“It just shows how well you know the recipe,” Clare marvels, watching Sue sift sugar and flour with practiced hands. “I love a cake that you don’t have to weigh things.”
The method, too, is a lesson in patience and gentleness. The eggs and sugar are whisked until thick and mousse-like, the flour folded in with a feather-light touch. “You don’t want to bash it,” Sue explains, turning the mixture over and over, careful not to lose the air. The result is two delicate layers, ready to be sandwiched with sharp blackcurrant jam and a generous billow of whipped cream.
Baking through history: from wood-burning stoves to podcast kitchens
Sue’s kitchen wisdom is shaped by a life that has spanned continents and eras. At 23, newly married, she left England for Kenya, travelling by ship for six weeks as the Suez Crisis unfolded. “We lived in a house that had no gas or electricity,” she recalls. “I had to cook on a wood-burning stove. You had to chop down trees for fuel before you could even start.”

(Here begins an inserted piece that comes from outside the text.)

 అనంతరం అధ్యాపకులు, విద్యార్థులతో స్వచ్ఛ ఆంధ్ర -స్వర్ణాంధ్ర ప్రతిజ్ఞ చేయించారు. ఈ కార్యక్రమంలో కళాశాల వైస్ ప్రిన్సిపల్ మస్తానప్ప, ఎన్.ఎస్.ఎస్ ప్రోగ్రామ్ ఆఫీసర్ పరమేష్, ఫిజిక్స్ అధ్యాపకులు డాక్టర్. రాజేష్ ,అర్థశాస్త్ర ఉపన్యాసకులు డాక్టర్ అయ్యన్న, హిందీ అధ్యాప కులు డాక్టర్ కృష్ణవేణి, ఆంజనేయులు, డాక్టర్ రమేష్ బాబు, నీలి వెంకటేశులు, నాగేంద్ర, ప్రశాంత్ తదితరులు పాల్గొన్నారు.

Her culinary journey also reflects the privations of post-war Britain. “When I started cooking just after the war, ingredients were very scarce. Butter was so precious, you didn’t put it on everything. Your ration was two ounces per person per week. The only thing available was margarine, which was a horrible sort of stuff. Olive oil was sold in chemists, not for cooking.”
The art of living and eating alone
Now, living alone in her beloved cottage, Sue’s relationship with food has subtly shifted. “It’s really difficult when you live on your own,” she reflects. “It made me realise what a social thing a meal is. You want to talk about the food and enjoy it, but it’s just yourself eating it.” Still, she makes a point to cook a meal from scratch most evenings.

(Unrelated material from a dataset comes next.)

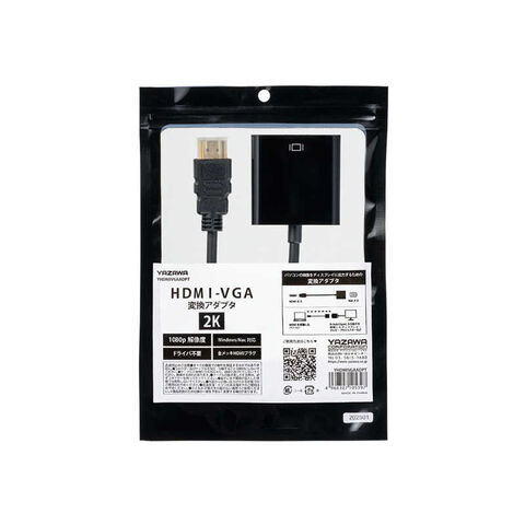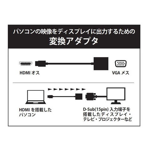 仕様2:[コネクタ形状]HDMI オスーVGA(D-Sub 15pin)メス[HDMI規格]HDMI Ver1.2[対応OS]Windows、Mac 各OS対応 ※Chromebook 非対応[本体サイズ]約W45mm×H45mm×D15mm(ケーブル、突起部除く)[ケーブル長]約150mm(コネクタ除く)[解像度]1920×1080に対応[ドライバ]不要[本体重量]約36g

Her kitchen shelves are lined with well-thumbed cookbooks – Jane Grigson, Elizabeth David and the Constance Spry Cookery Book – all reminders of a lifetime spent learning, experimenting and sharing.
A garden as rich as her stories
Beyond the kitchen, Sue’s garden is a living larder. “I grow tomatoes, cucumbers, beans, lettuce,” she says, her pride evident. The grapevine and peonies, both over 50 years old, are as much a part of the cottage as the wonky doorstep. The garden, once her husband’s passion, is now tended with the help of a local gardener – “he’s young, so he’ll see me out,” she jokes.

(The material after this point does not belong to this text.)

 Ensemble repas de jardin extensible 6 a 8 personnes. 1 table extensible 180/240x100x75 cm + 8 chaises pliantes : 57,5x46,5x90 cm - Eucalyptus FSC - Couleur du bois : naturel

A cake to bring people together
As the sponge cools and the kettle boils, Sue assembles her cake with the same care she has shown all afternoon. Blackcurrant jam is spread thickly, cream whipped to soft peaks and the two layers sandwiched together. “You need a fairly sharp jam,” she says, “to balance the sweet cream.”
The first slice is met with delight. “It’s so light. The cake’s delicious. And you are right about the jam – super sharp jam and sweet cream.”
In a world that prizes novelty and speed, Sue’s kitchen offers something rarer: the reassurance that some things – good cake, good company and the art of paying attention – never go out of style.